• _YOUR INSTRUCTIONS_
Excluding pictures, what does the listing below contain from the line with "윤석열 대통령 파면 기원하며 159배하는 이태원 참사 유가족" up to and including the line with "Kimono-style cardigan Sakura", word for word?

• _RECORDS SHOWN_
=====
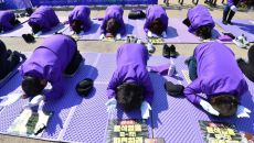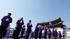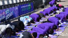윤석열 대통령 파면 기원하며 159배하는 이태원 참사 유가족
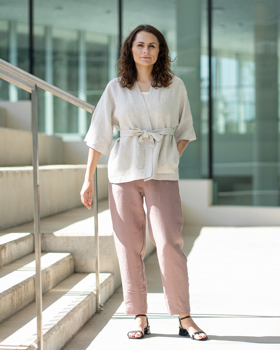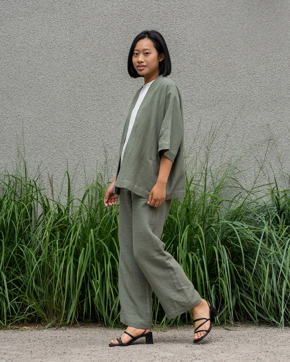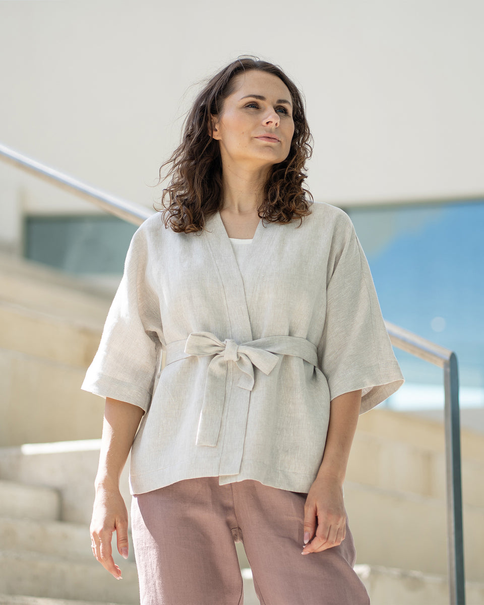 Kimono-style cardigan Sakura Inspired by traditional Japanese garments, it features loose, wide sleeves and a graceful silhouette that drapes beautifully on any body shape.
=====
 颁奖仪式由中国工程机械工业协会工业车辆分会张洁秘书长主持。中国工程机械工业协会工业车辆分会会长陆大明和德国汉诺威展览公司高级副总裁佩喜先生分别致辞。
=====
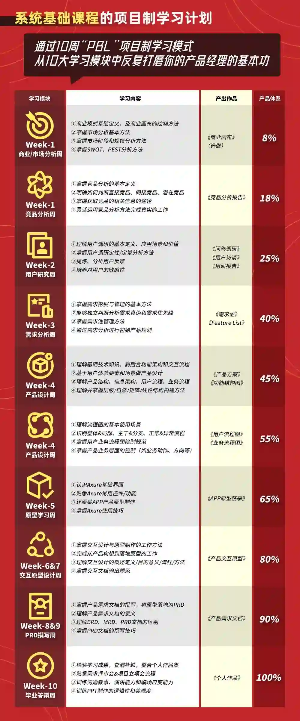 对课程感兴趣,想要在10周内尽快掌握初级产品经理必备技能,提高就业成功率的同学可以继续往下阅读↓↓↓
=====
• _EXPECTED ANSWER_
윤석열 대통령 파면 기원하며 159배하는 이태원 참사 유가족
 Kimono-style cardigan Sakura Inspired by traditional Japanese garments, it features loose, wide sleeves and a graceful silhouette that drapes beautifully on any body shape.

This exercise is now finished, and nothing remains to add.